At the large, cavernous party location, we saw a lot of lines. Lines for the coat checks. Lines for sushi. Lines for alcohol. It was cold. We forged on, not checking our coats, and found a bar with no line in a remote, outdoor zone. The drinks were small and mostly composed of ice. Then we discovered a candy bar, with limitless amounts of candy and convenient paper bags. We each filled a bag with candy with the intention of bringing it home to the children. The Sober Husband kept protesting that we couldn't take so much, but I pshawed. "You think they don't have more?"

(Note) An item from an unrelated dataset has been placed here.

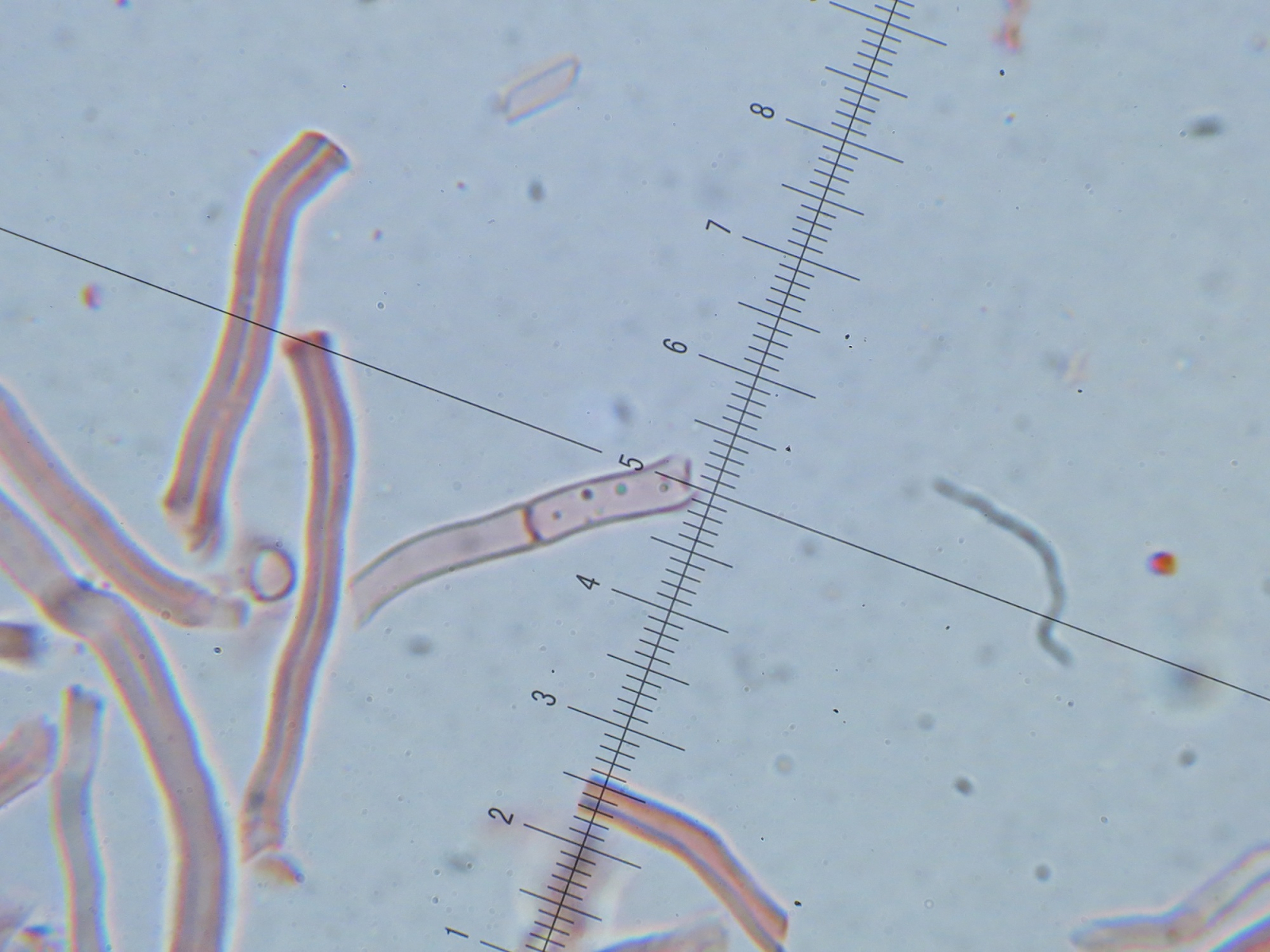 Für die Interpretation des Hyphensystems fehlt es mir an Erfahrung; aber die Septen haben nach m.E. keine Schnallen und Cystiden habe ich keine gefunden:

We roamed about, running into only three people the Sober Husband knew. The place was gorgeously decorated but cold, so cold. I found a spot by a snaky duct which blew blistering hot air on my ankles, and I stood there a long time. After about an hour total, we left. A famous band was scheduled to play, but I wasn't interested. "Their music is whiny," I said. "I have nothing against them, but it's wasted on me."
We went outside to summon a Lyft home and discovered one of the three people the Sober Husband had recognized, doing the same. "You're leaving already?" the Sober Husband asked. We bonded, and I explained to this coworker how to use app-based car services.
At home I summoned the young people. "Assemble! Assemble!" They ignored me. "I have candy!" This brought results. "Why, hello there," breathed the same Lola who had ignored me upon my arrival. We dumped out all the candy on the dining room table, and our offspring were in ecstasy. I took off my shoes and changed out of my sultry, tight clothes into a bathrobe, to the disappointment of the Sober Husband, who'd made a few admiring remarks about the view. He soon wandered off to become immersed in a coding project, and I opened my literary horror novel. Normalcy was restored.